- **ACTIVITY**
The job is to output exactly the lines that run from the start of the entries through the line containing "交易策略:0.7100上方看涨,目标0.7200、0.7300", pictures omitted.

[Opening INPUT DATA section]

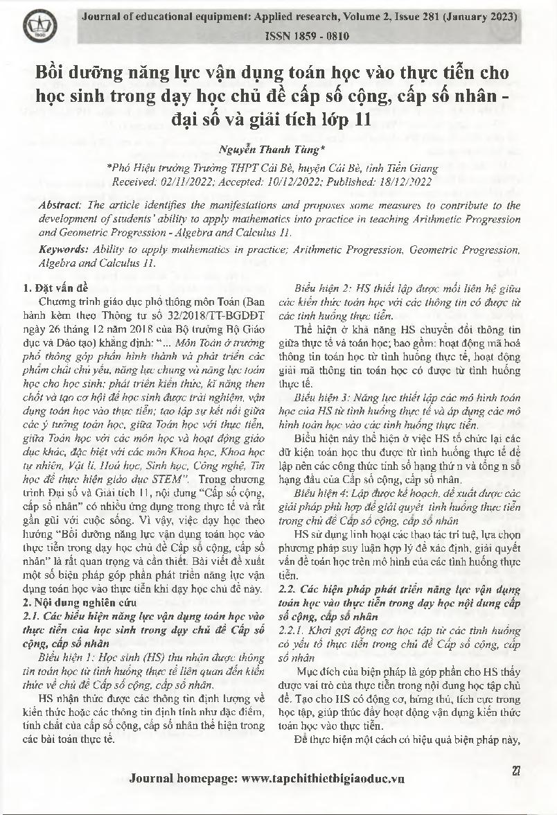 Bồi dưỡng năng lực vận dụng toán học vào thực tiễn cho học sinh trong dạy học chủ đề cấp số cộng, cấp số nhân - đại số và giải tích lớp 11 = Fostering the ability to apply mathematics in practice for students in teaching the topic of addition, multiplicat
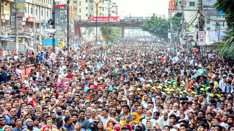 জমায়েত সম্পর্কে ওবায়দুল কাদের বলেন— ‘আমার সামনে মাথা কোথায় জানি না। দেখছি আর দেখছি। আমার পেছনে আমেরিকান দূতাবাস পর্যন্ত। লোক আর লোক। বিদেশিদের কাছে নালিশ করে বাংলাদেশ নালিশ পার্টি। কিন্তু বিদেশিরাই এখানে থাকে। তারা দেখুন কার কত শক্তি।’
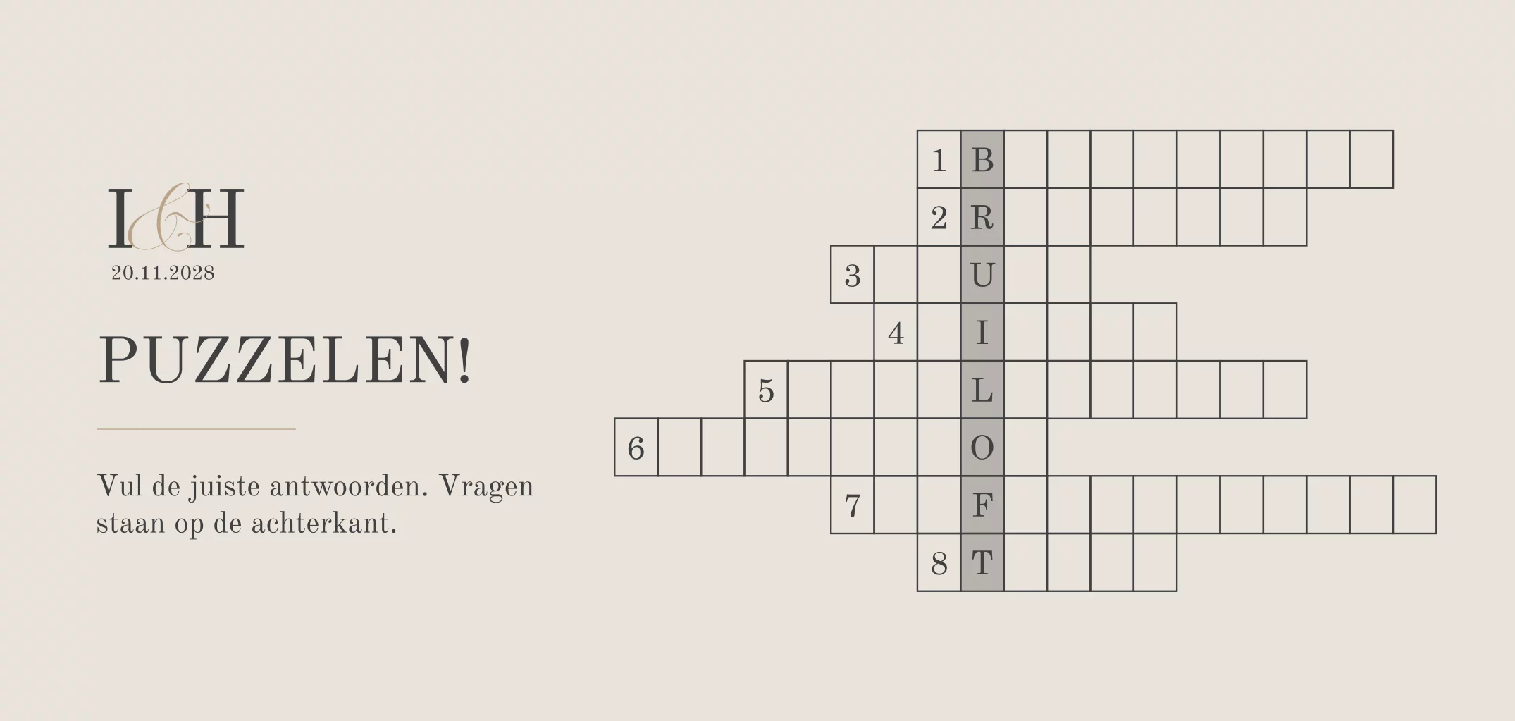 Met deze puzzel vermaken de kinderen zich de hele trouwdag. Deze puzzel in beige past bij een trouwkaart in dezelfde stijl.
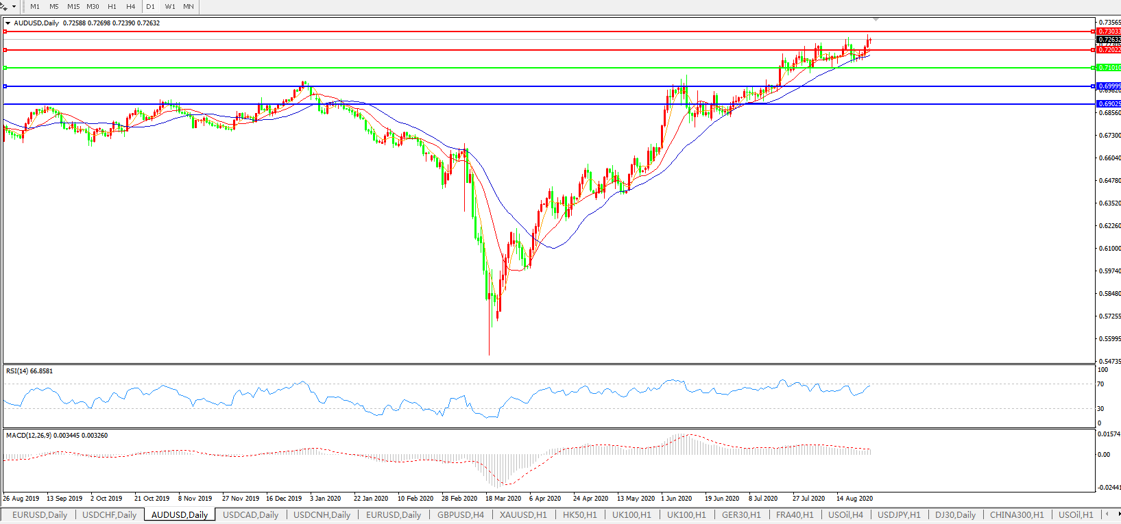 交易策略:0.7100上方看涨,目标0.7200、0.7300
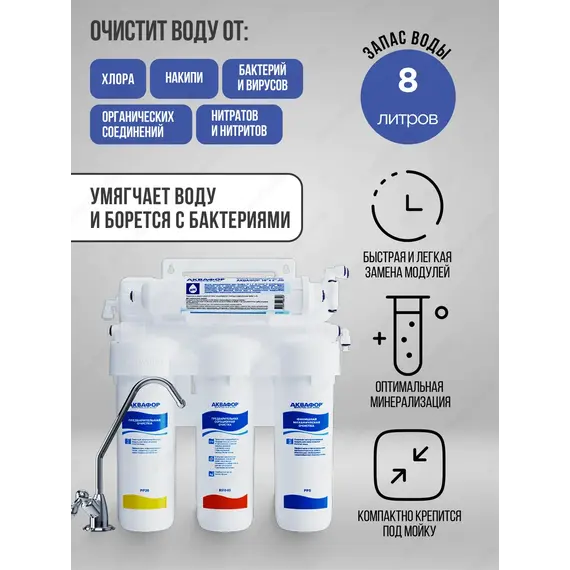 Аквафор Осмо 50 исп. 5 эффективно умягчает воду и борется с бактериями. Свободно используйте чистую воду для питья, кулинарии, детского питания и домашней бытовой техники. Аквафор Осмо 50 исп. 5 полностью удаляет из воды соли жесткости, а значит обеспечит долгий срок службы кофе-машине, чайнику, мультиварке, утюгу и отпаривателю. Увлажнитель воздуха перестанет покрывать мебель белым налетом.
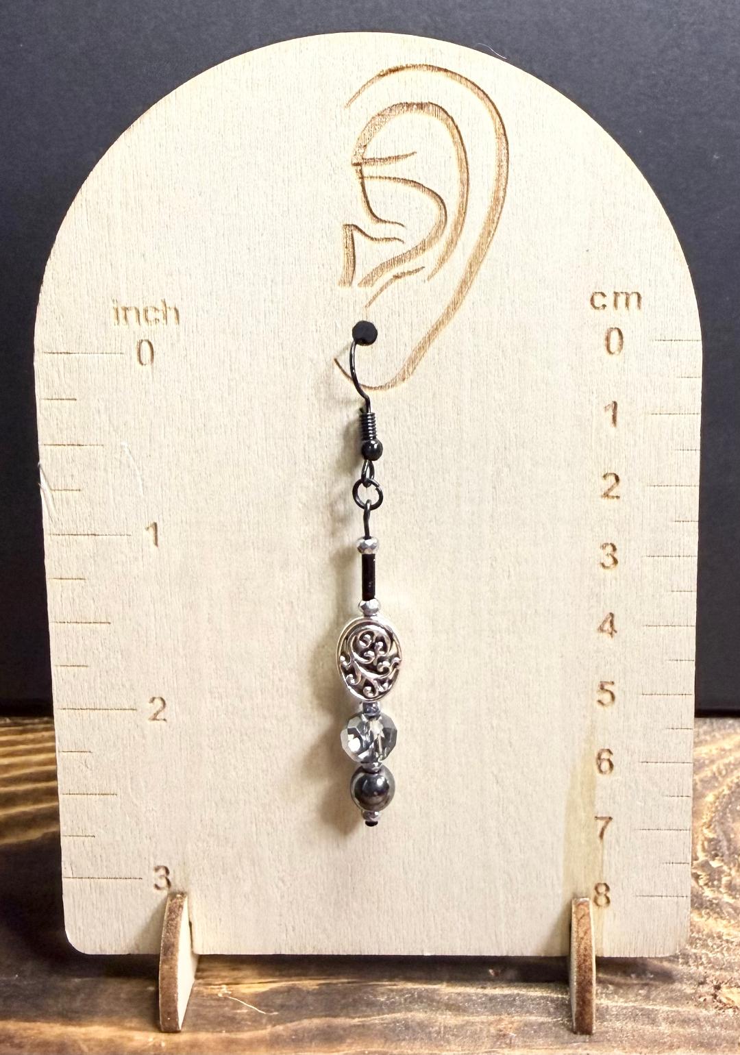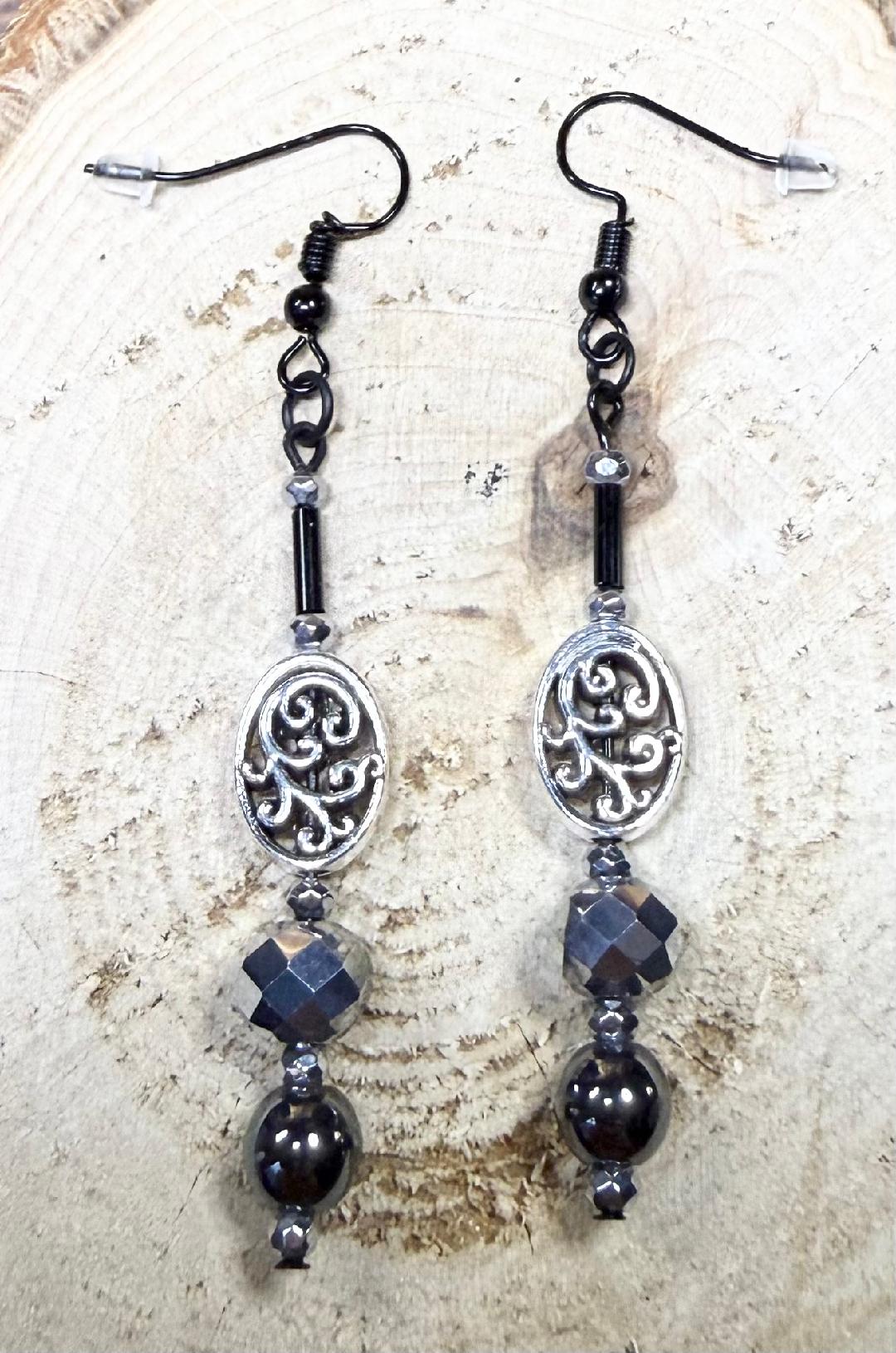 ![]() | Item #: 1006338 Click on image to see more pictures! Made with an oval spacer bead charm with a filigree design, as well as a silver plated glass bead, Czech glass black tube beads, silver hematite beads. The ear hooks are coated black design. Measurement Questions? Price: 15.00 |

[Closing INPUT DATA section]

- **ANSWER AREA**
 Bồi dưỡng năng lực vận dụng toán học vào thực tiễn cho học sinh trong dạy học chủ đề cấp số cộng, cấp số nhân - đại số và giải tích lớp 11 = Fostering the ability to apply mathematics in practice for students in teaching the topic of addition, multiplicat
 জমায়েত সম্পর্কে ওবায়দুল কাদের বলেন— ‘আমার সামনে মাথা কোথায় জানি না। দেখছি আর দেখছি। আমার পেছনে আমেরিকান দূতাবাস পর্যন্ত। লোক আর লোক। বিদেশিদের কাছে নালিশ করে বাংলাদেশ নালিশ পার্টি। কিন্তু বিদেশিরাই এখানে থাকে। তারা দেখুন কার কত শক্তি।’
 Met deze puzzel vermaken de kinderen zich de hele trouwdag. Deze puzzel in beige past bij een trouwkaart in dezelfde stijl.
 交易策略:0.7100上方看涨,目标0.7200、0.7300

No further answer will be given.